Book Four · Chapter One

What is pandas?

pandas is the most widely used Python library for working with data. In this chapter you create your first tables of data and learn to read them, column by column and row by row.

The Library That Changed Data Analysis

Every time a data journalist compares prices across supermarkets, or a researcher tracks food inflation over time, or a public health official monitors which regions have the highest cost of living — they are likely working with pandas. It is the standard Python library for loading, cleaning, transforming, and analysing tabular data: data arranged in rows and columns, like a spreadsheet.

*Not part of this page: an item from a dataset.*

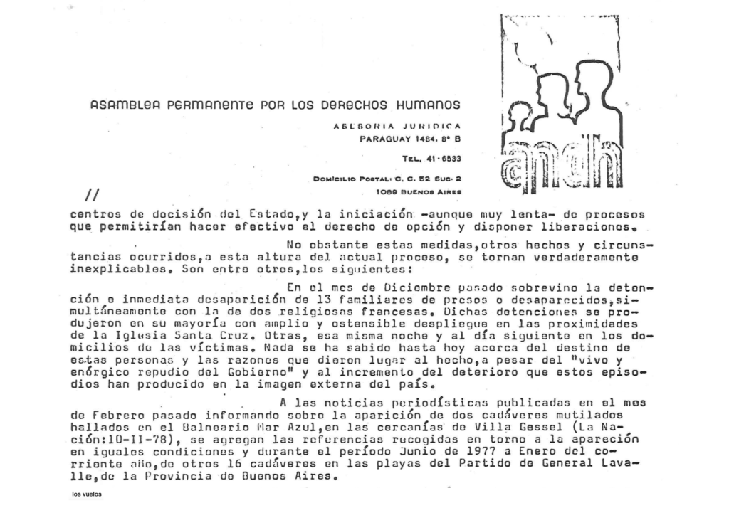 Tenemos sobrados motivos para pensar que entre estas víctimas pueden estar nuestros hijos o los de varios miles de padres cuyos nombres y datos poseemos. Constituye un elemental deber de humanidad, justicia y honestidad, llevar adelante la investigación, cualesquiera fuesen sus consecuencias y exhumar los cadáveres para permitirnos hacerlos examinar y contribuir a su identificación. Se trata, evidentemente, de asesinatos en masa, cometidos con toda impunidad y por elementos que dispusieron de barcos o aviones como para arrojarlos al mar, hecho que, por otra parte, se comenta habitualmente en la zona de las playas8.

The name comes from panel data, an econometrics term for datasets that track multiple subjects over multiple time periods. But you do not need to know econometrics. You just need to know that pandas gives you two powerful tools: the Series (a single column of data) and the DataFrame (a full table with rows and columns).

Before you can use pandas, you import it. By convention, every data analyst in the world uses the same abbreviation:

Python · Try it

      

The phrase import pandas as pd loads the library and gives it the short name pd. From this point on, every pandas tool is accessed by typing pd. followed by its name. This is the very first line of virtually every data analysis script ever written in Python.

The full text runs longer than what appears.